*** Opening Collected data ***

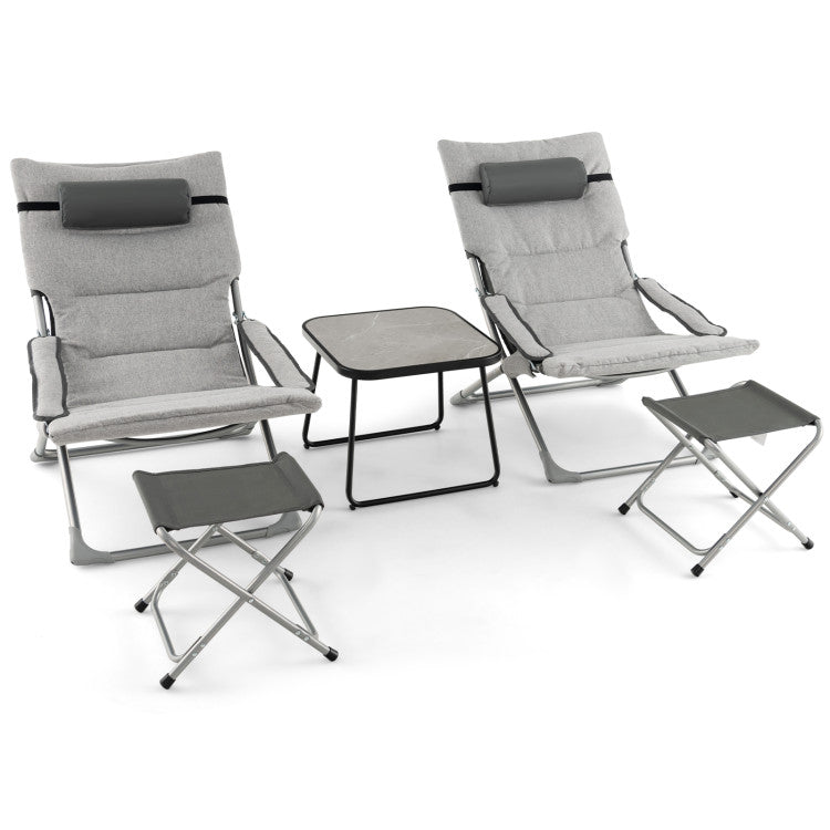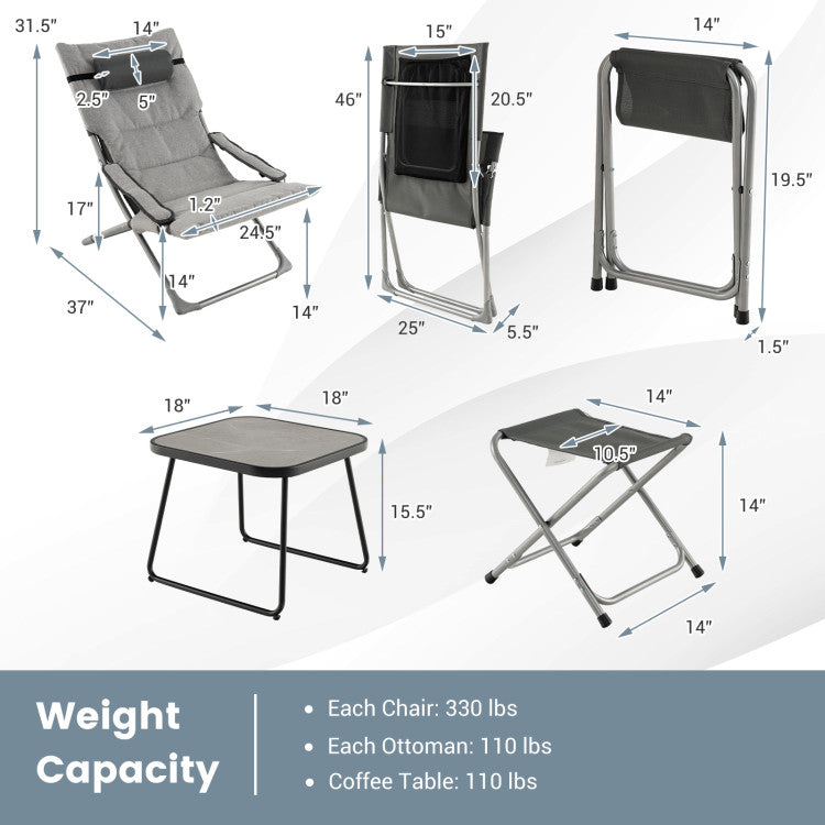 -Includes 2 folding chairs, 2 folding footrests and 1 coffee table
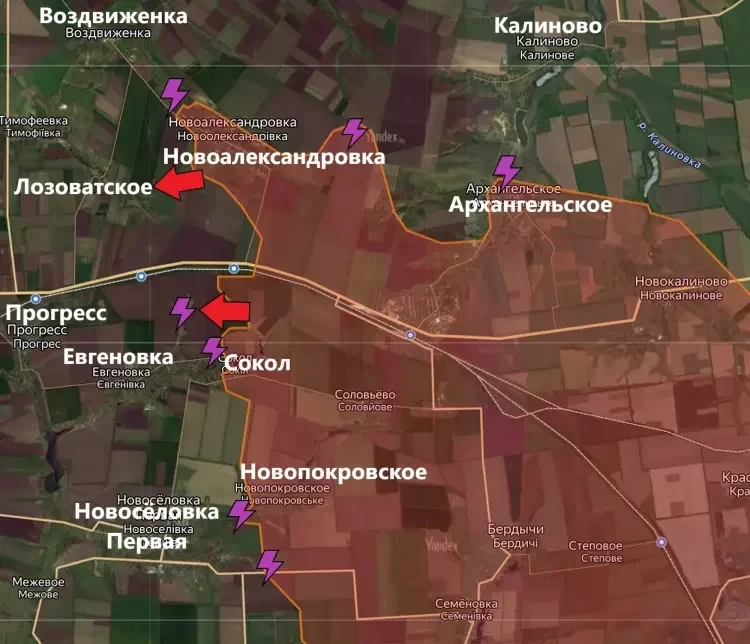 На Покровском направлении подразделения Армии России незначительно продвинулись на северо-запад от Новоалександровки в направлении Воздвиженки. До самого населённого пункта наши бойцы пока что не добрались. Помимо этого, от Новоалександровки подразделения ВС РФ продвинулись на юго-запад в направлении Лозоватского.
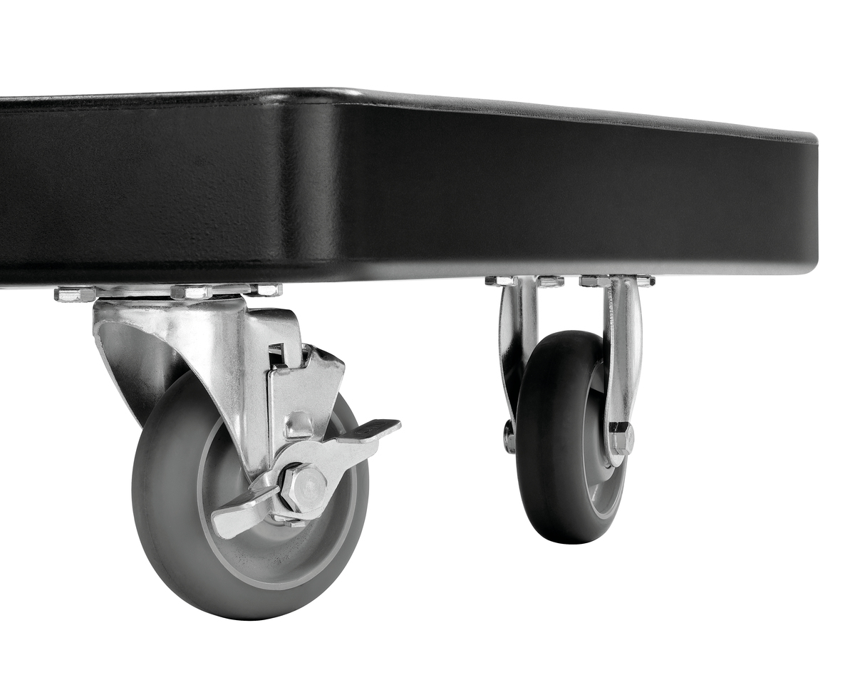 Abräumwagen aus rostfreiem Edelstahl mit Kunststoffrollen 4 Lenkrollen Ø 125 mm, davon 2 mit Feststeller Maße der Borde: 2 Borde 1000 x 600 mm max. Belastung je Bord: 80 kg Lichtes Maß zwischen den Borden: 481 mm Tragfähigkeit: 160 kg

*** Closing Collected data ***

Take the line containing "На Покровском направлении" as the first line and the last line of the data above as the final one, and output exactly the lines between them, inclusive, with no pictures.

**Exercise result:**
 На Покровском направлении подразделения Армии России незначительно продвинулись на северо-запад от Новоалександровки в направлении Воздвиженки. До самого населённого пункта наши бойцы пока что не добрались. Помимо этого, от Новоалександровки подразделения ВС РФ продвинулись на юго-запад в направлении Лозоватского.
 Abräumwagen aus rostfreiem Edelstahl mit Kunststoffrollen 4 Lenkrollen Ø 125 mm, davon 2 mit Feststeller Maße der Borde: 2 Borde 1000 x 600 mm max. Belastung je Bord: 80 kg Lichtes Maß zwischen den Borden: 481 mm Tragfähigkeit: 160 kg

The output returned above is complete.